現在可不是氣餒的時候。
用清水澆在臉上,擦掉臉上的水漬與淚痕,對著銅鏡整理好自己的衣襟。
朱顏走出房間,朝著書房那邊去,現在最緊要的還是讓朝堂得知這邊的情況,加速派來援軍。
研好墨,攤平信紙,拿起平日裡沈渡用的那支筆,鬱色斂了斂,落筆寫好,準備派人快馬加鞭送到京城去。
卻被一語驚醒。
“京城恐怕是送不到了,”景林聽到喊聲過來,他才從外邊巡邏回來,“現如今的營州城可是被圍得水洩不通。”
手中的信被她揉皺,景林複道:
“探子出不去進不來,如今便是援軍行至何處也不知曉。”
情況已經差到不能再差。
“屬下已經做好安排,今晚夜襲火蛾黨據點,拿到解藥救治大閣領。”
朱顏倏然抬眸,景林滿面疲色,雙眸卻炯炯有神,說到夜襲火蛾黨據點亦義無反顧。
匆匆點頭,朱顏跌跌撞撞離去,卻在第二道迴廊處被一個人截住去路。
朱顏抬起頭,滿臉淚水。
潘馳心中“咯噔”一下,被朱顏此狀嚇了一跳。
他記憶裡的朱顏俏皮可愛智慧過人,臉蛋紅潤還帶著點嬰兒肥,雙目晶亮可與星星作比,可眼前這個朱顏雙頰凹陷,眼窩青黑,髮絲披散,身形瘦削,撞到他懷裡不堪一握。
潘馳笑起來:“這不知道的還以為病的是你呢。”
然而朱顏置若罔聞,推開他往前走。
潘馳心頭不妙,幾步追上去:“我今早上醒來就聽聞沈渡中毒昏迷,到底怎麼回事?”
朱顏睨他一眼,與他擦肩而過。
被這個舉動嚇著,潘馳趕緊追上去:“我知曉沈渡是為我找解藥中的毒,到底如何了?”
無他,潘馳醒來便過來找朱顏,就是因為那些內衛都不肯說。
朱顏頓住,雙手掩面,許久抬起頭來看天,將眼淚逼回,重新看向潘馳。
“沈渡,”她哽咽了一下,“沈渡中的毒不是中原的毒,是西域的毒,而且比你之前中得毒還要猛烈。”
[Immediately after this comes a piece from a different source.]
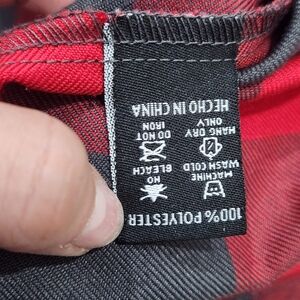 This is a women's flannel shirt by Dixxon on their fifty fifty style in size small. It features a collared neckline, button closure, long sleeves, and a red and gray buffalo plaid pattern. The shirt is made of polyester fabric and has a regular fit. It is designed with pockets, easy care, and suitable for all seasons. This button-up shirt is perfect for both casual and workwear occasions.

潘馳這幾日病著其實身體也沒復原,這會兒被日頭照著生出些薄汗來,可他一直抬起衣袖為朱顏遮擋太陽,聞言猛地放下衣袖,急促道:“西域的毒?”
“嗯,”朱顏點頭,看了眼潘馳,“來羅敷將那解藥敷在解藥瓶的外面,那毒須得身上有破口才有效,而沈渡此前剛被半面鬼們圍攻中了箭傷。”
潘馳哪裡不知,一頓咬牙:“那個來羅敷是故意的。”
朱顏閉了閉眼:“‘破繭成蝶’的解藥此前沈渡就見過,甚至我與我三姐還吃過,但凡動一點手腳都逃不過沈渡的眼睛。”